Asked if there is a common thread to his start-ups, Daly says they have all been about identifying a significant problem and solving it at scale in an accessible way.

"I'm good at simplifying really complex tasks. For example, my first company was involved in launching the first technology platform for a life insurance company in Ireland. Altify was set up to fix the sales training market because I thought it was fundamentally broken and a lot of time and money were being wasted.

“My businesses involve applying and structuring knowledge and using technology to make it easy for people to do whatever it is they need to do.

“I’ve been building cloud-based software applications for over 20 years. Future Planet is another one but the domain is different. We may be only around a wet week in terms of our launch, but we’ve been building the platform for a year and a half and the product is up and running and active at industrial strength.”

In charge

Daly enjoys solving problems and starting businesses, but he’s not precious about always being the one in charge. He recruited a CEO for Altify two years before the sale and he’s now looking for a CEO for Future Planet.
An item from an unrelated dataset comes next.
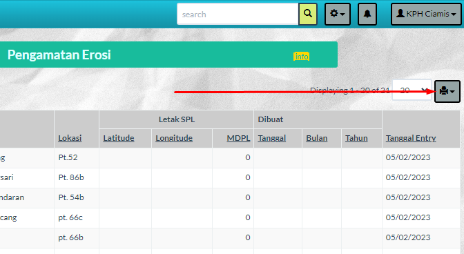 Untuk mencetak ke printer dapat dilakukan dengan mengklik tombol di sebelah kanan atas table seperti berikut
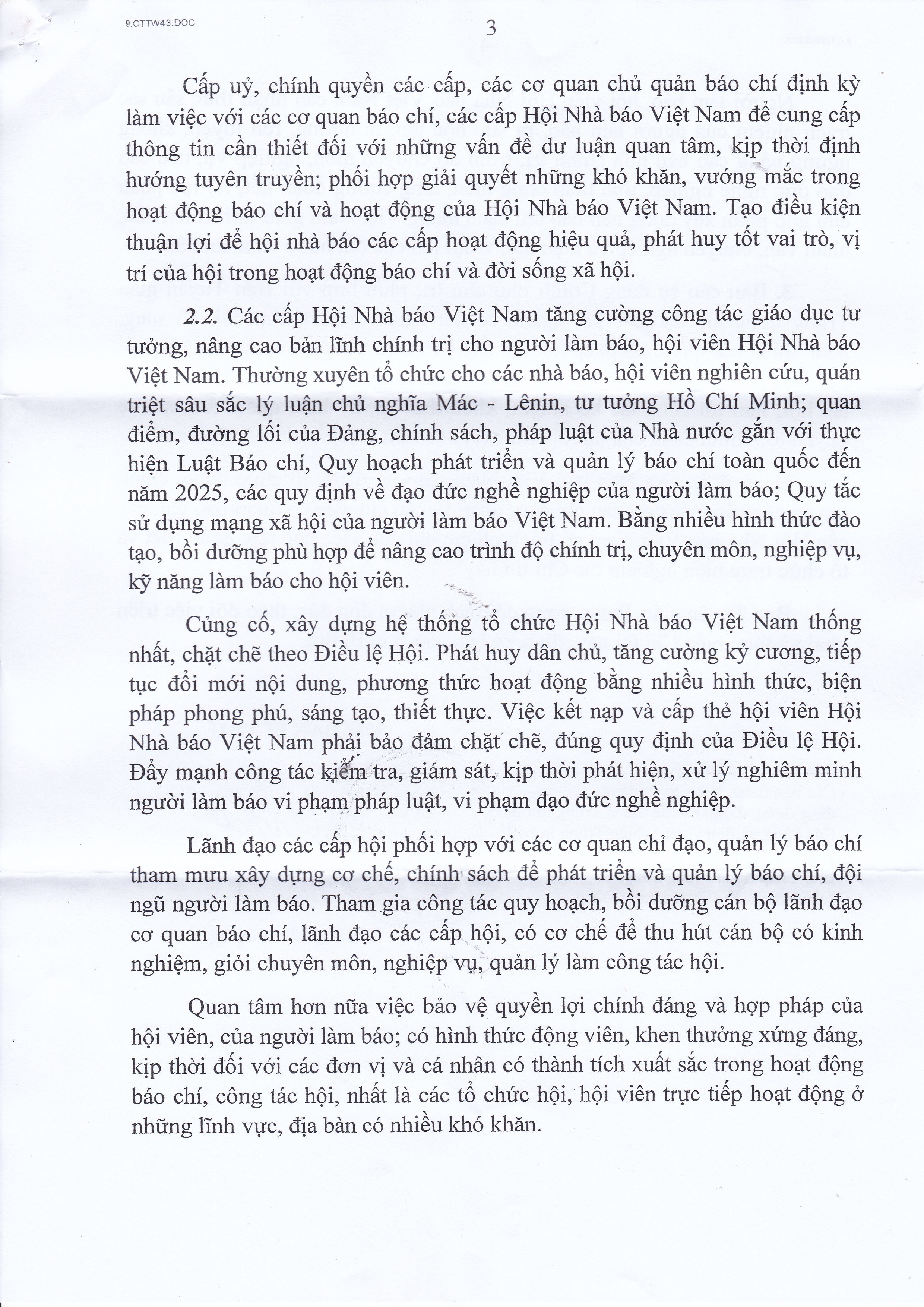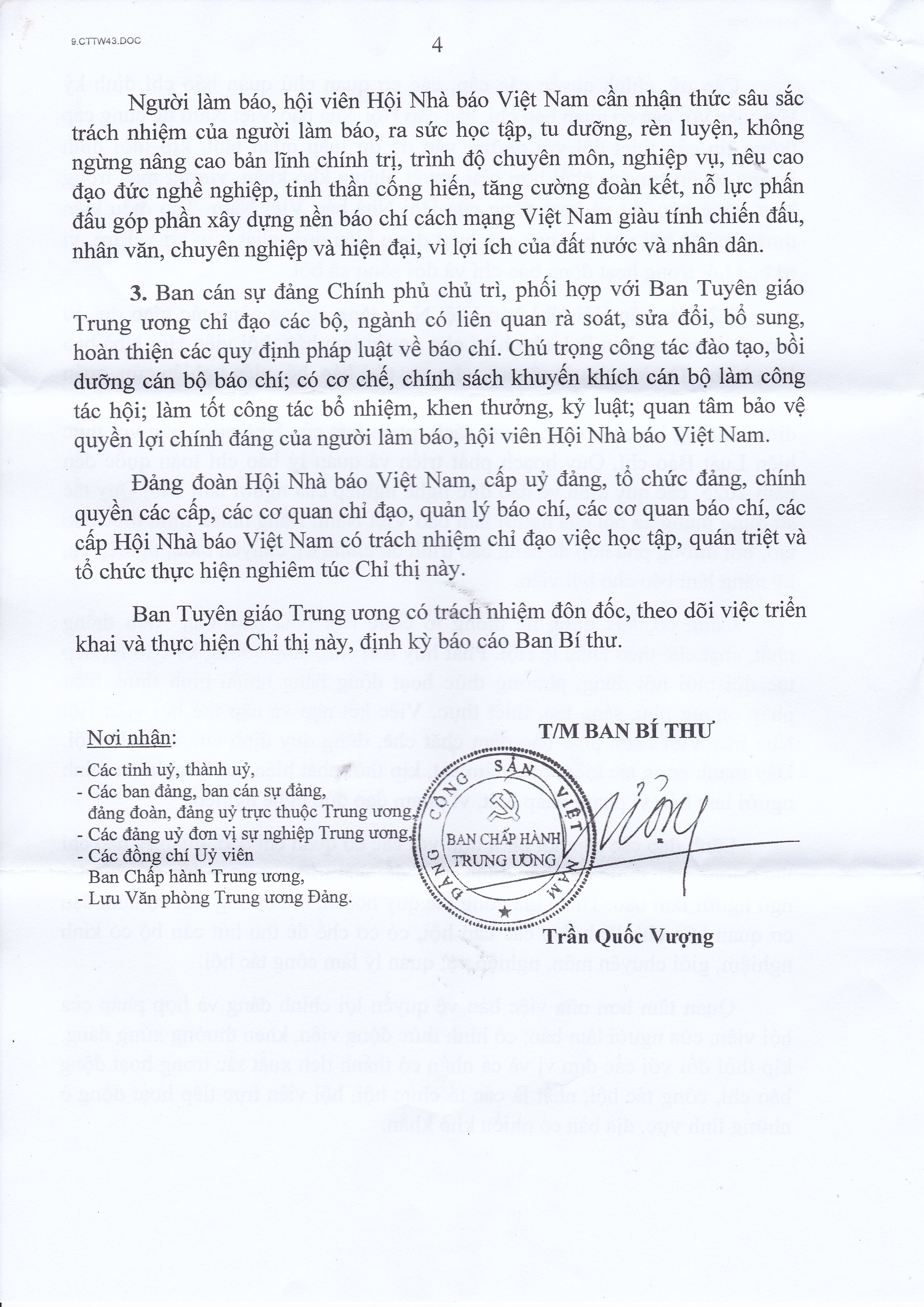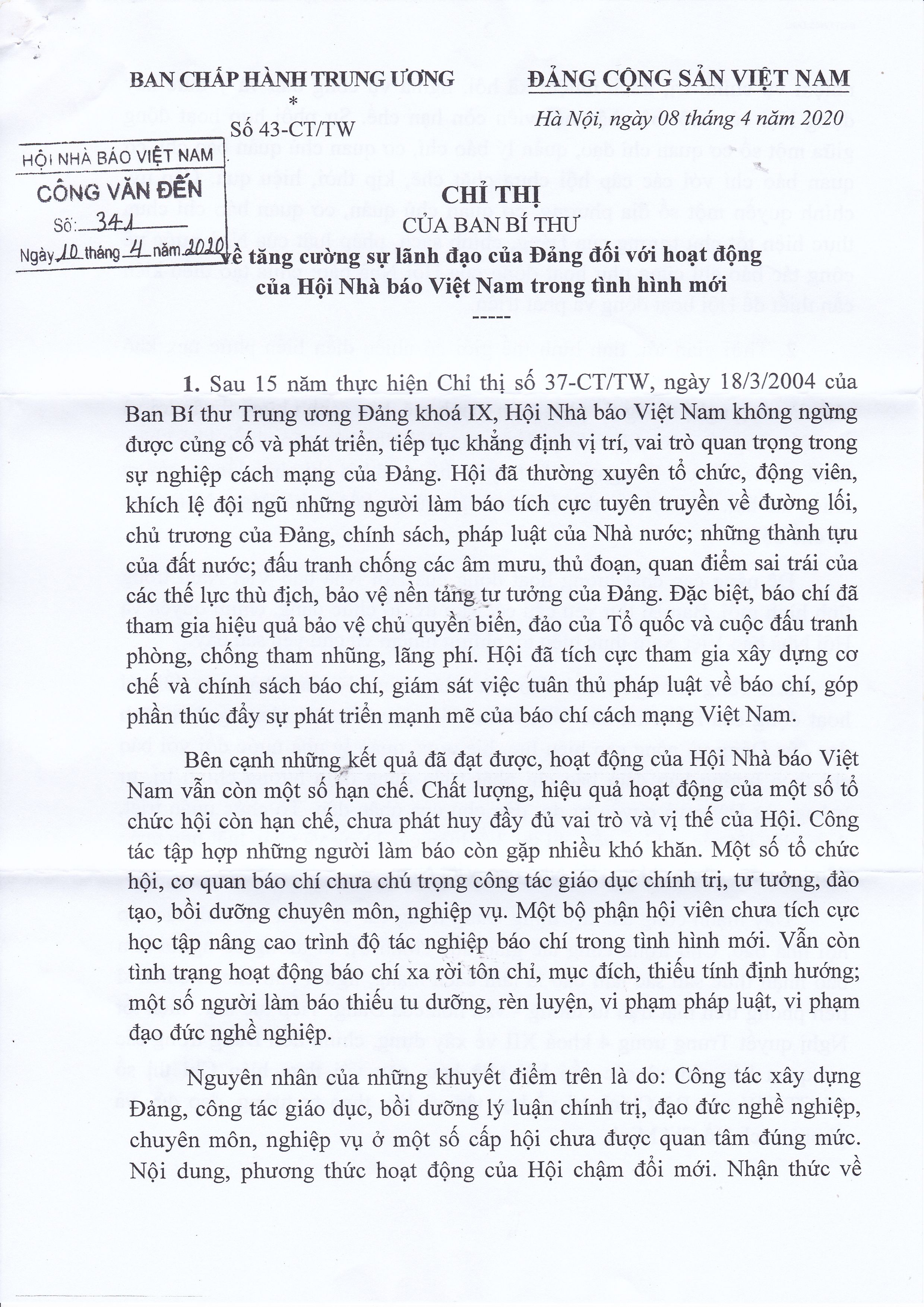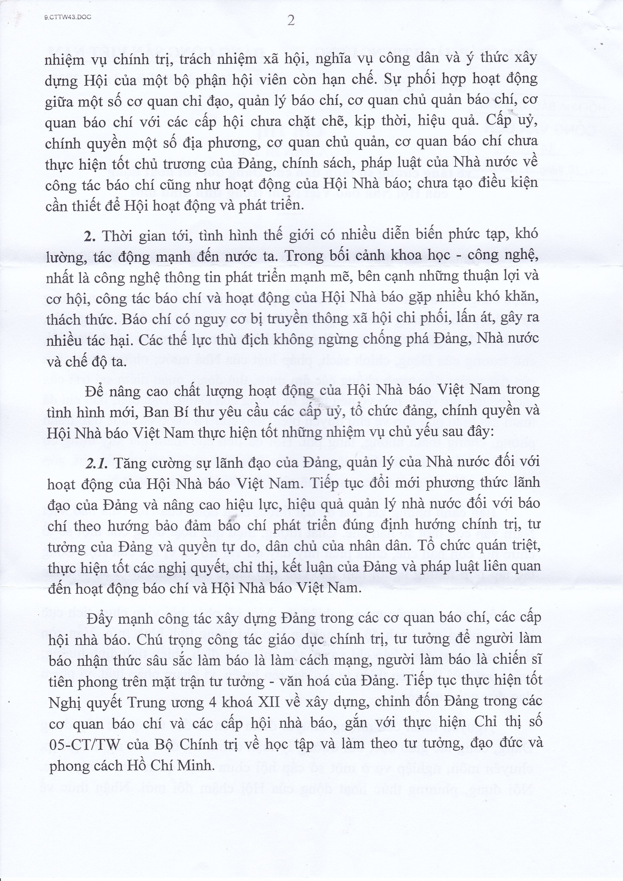 Chỉ thị của Ban Bí thư Trung ương Đảng về tăng cường sự lãnh đạo của Đảng đối với hoạt động của Hội Nhà báo Việt Nam trong tình hình mới

“If it hadn’t been for Covid I probably wouldn’t have been in so deep for so long without putting a team in place,” he says. “I have no issue working 60 or 80 hours a week but not on operational stuff. That’s not where I can have maximum impact at this point.”

Daly is low key about his achievements which also stretch to writing six business books, including three Amazon best sellers, while in 2005 he founded the Altify Foundation which is focused on human rights and social injustice with climate change now very much on the agenda.

“It’s really important that governments do what they do. It’s really important that businesses do what they do. But each one of us can look after our own couple of percent change while we’re waiting for the bigger change to happen,” he says.

“With respect to the planet, I believe that people fundamentally want to do the right thing. But they don’t know what to do or how to go about it. To me it’s a knowledge-based problem that needs solving.”